Task inputs:
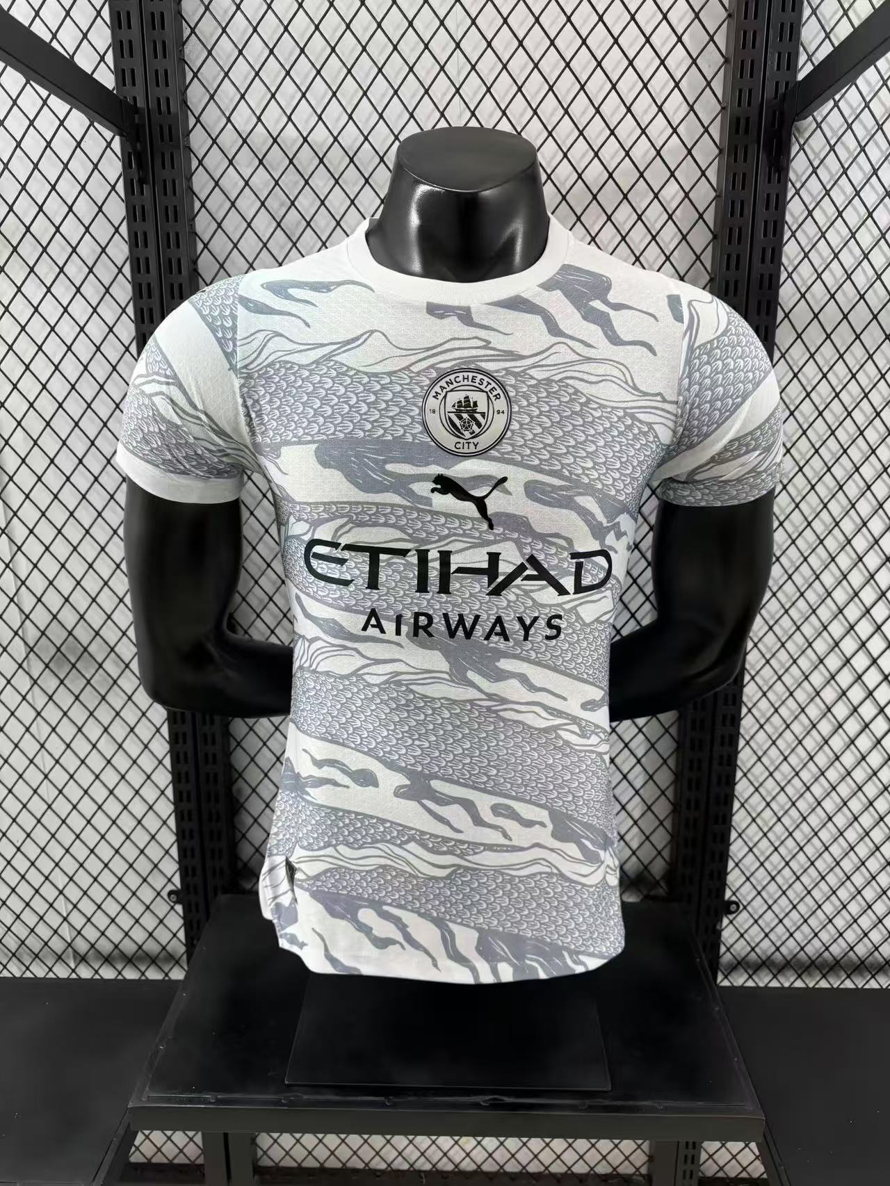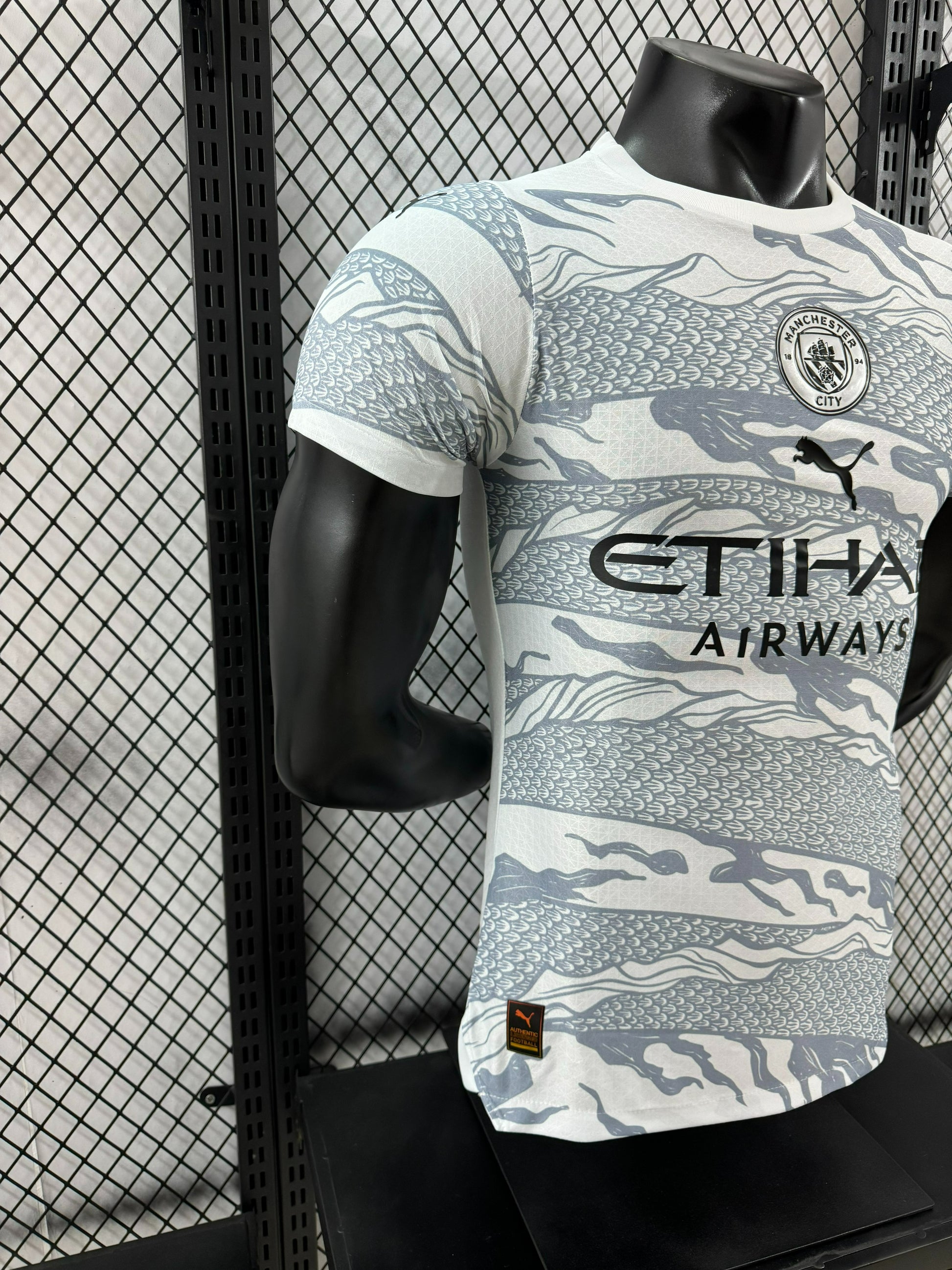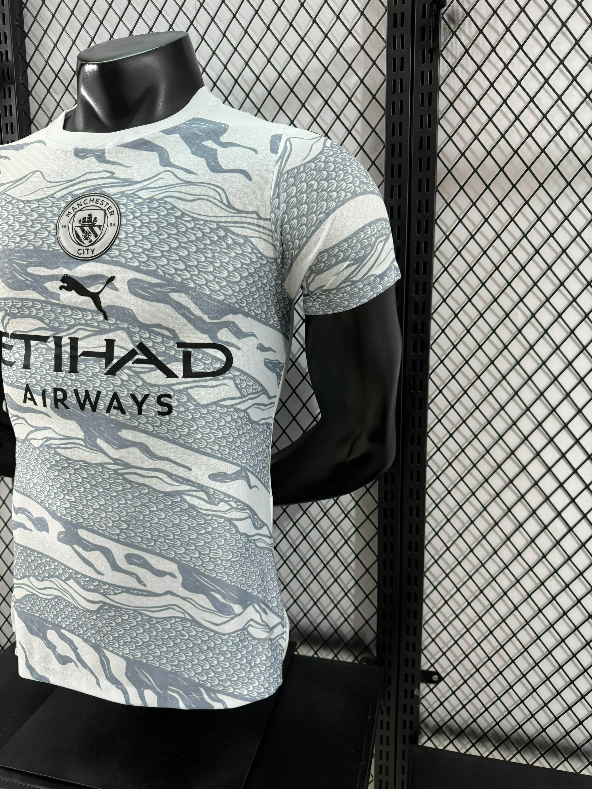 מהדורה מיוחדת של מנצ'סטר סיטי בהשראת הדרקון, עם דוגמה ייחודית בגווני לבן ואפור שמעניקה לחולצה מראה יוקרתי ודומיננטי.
--
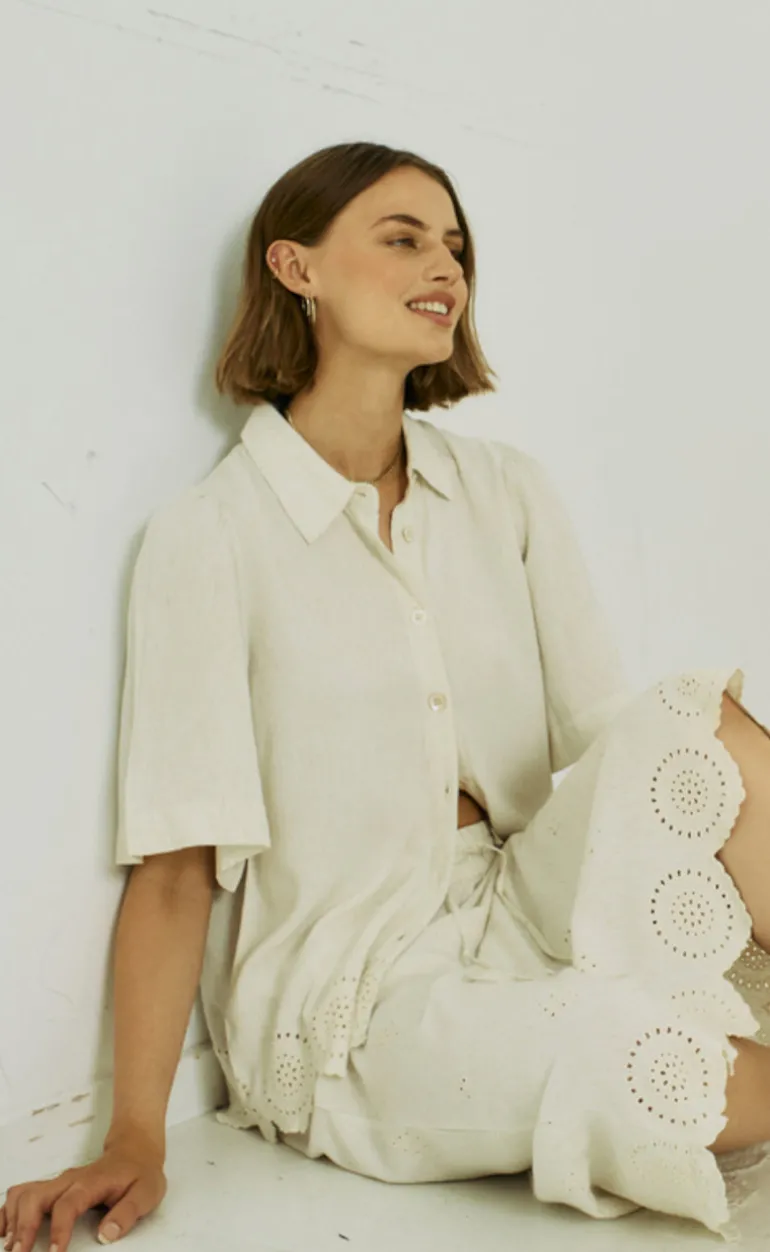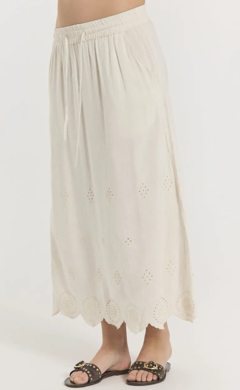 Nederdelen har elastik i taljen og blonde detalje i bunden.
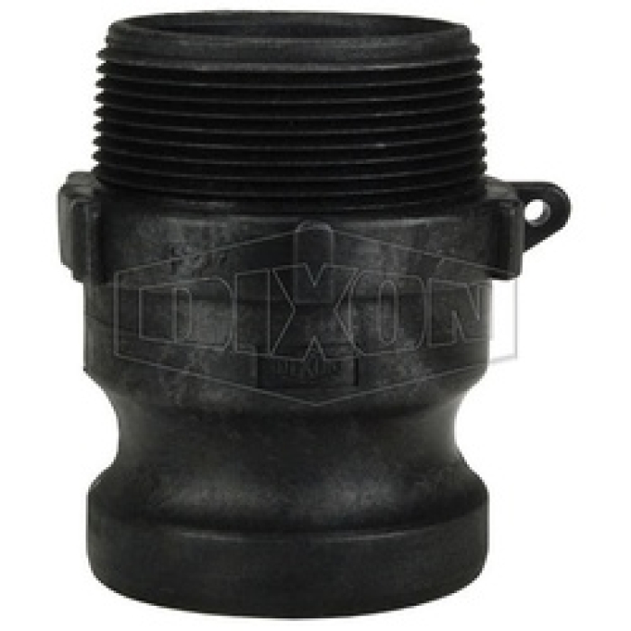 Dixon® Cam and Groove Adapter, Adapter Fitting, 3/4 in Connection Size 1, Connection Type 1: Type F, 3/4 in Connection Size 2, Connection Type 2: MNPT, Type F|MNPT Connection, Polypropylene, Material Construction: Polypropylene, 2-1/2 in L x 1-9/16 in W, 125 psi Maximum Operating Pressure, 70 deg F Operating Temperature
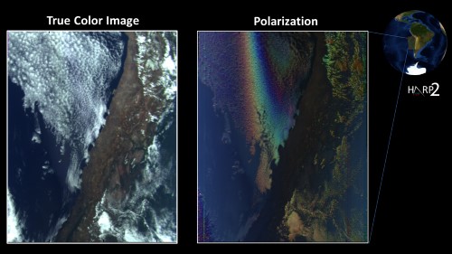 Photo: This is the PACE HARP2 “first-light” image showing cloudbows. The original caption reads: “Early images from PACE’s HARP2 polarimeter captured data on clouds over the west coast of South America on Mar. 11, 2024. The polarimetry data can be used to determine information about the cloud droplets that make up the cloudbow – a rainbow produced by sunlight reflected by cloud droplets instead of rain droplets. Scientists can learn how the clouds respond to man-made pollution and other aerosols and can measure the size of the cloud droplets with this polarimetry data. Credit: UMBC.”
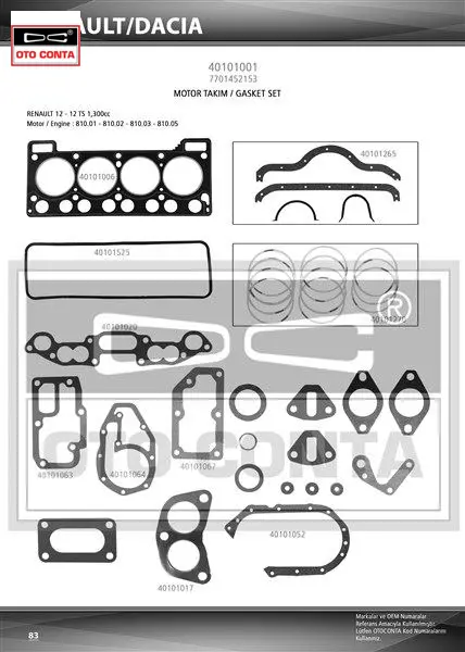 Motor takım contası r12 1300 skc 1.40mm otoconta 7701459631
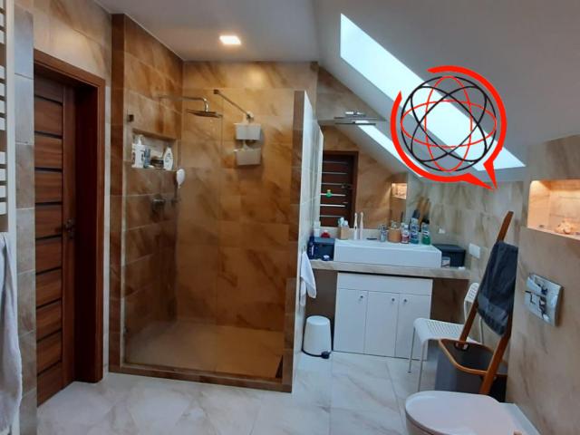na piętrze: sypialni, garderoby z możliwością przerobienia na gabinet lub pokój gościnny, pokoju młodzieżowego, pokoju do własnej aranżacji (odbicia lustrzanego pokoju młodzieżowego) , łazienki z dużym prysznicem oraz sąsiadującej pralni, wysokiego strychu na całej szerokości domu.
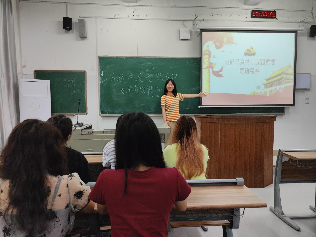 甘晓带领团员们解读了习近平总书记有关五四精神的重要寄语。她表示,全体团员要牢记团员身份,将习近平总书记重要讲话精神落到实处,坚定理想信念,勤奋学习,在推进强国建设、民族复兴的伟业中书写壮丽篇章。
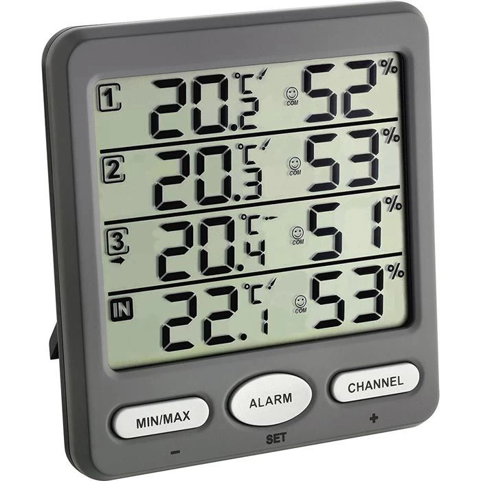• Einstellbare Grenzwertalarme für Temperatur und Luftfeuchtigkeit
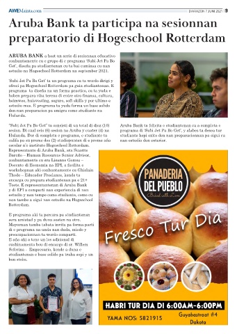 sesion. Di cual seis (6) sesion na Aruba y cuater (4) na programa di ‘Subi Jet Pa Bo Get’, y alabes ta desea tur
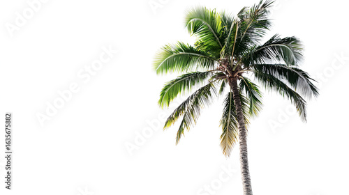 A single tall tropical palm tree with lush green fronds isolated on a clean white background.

Goal of the exercise:
Give back exactly the lines above from the one with "na piętrze: sypialni, garderoby" through the one with "A single tall", both included. Pictures don't belong in the copy.

Answer to this task:
na piętrze: sypialni, garderoby z możliwością przerobienia na gabinet lub pokój gościnny, pokoju młodzieżowego, pokoju do własnej aranżacji (odbicia lustrzanego pokoju młodzieżowego) , łazienki z dużym prysznicem oraz sąsiadującej pralni, wysokiego strychu na całej szerokości domu.
 甘晓带领团员们解读了习近平总书记有关五四精神的重要寄语。她表示,全体团员要牢记团员身份,将习近平总书记重要讲话精神落到实处,坚定理想信念,勤奋学习,在推进强国建设、民族复兴的伟业中书写壮丽篇章。
• Einstellbare Grenzwertalarme für Temperatur und Luftfeuchtigkeit
 sesion. Di cual seis (6) sesion na Aruba y cuater (4) na programa di ‘Subi Jet Pa Bo Get’, y alabes ta desea tur
 A single tall tropical palm tree with lush green fronds isolated on a clean white background.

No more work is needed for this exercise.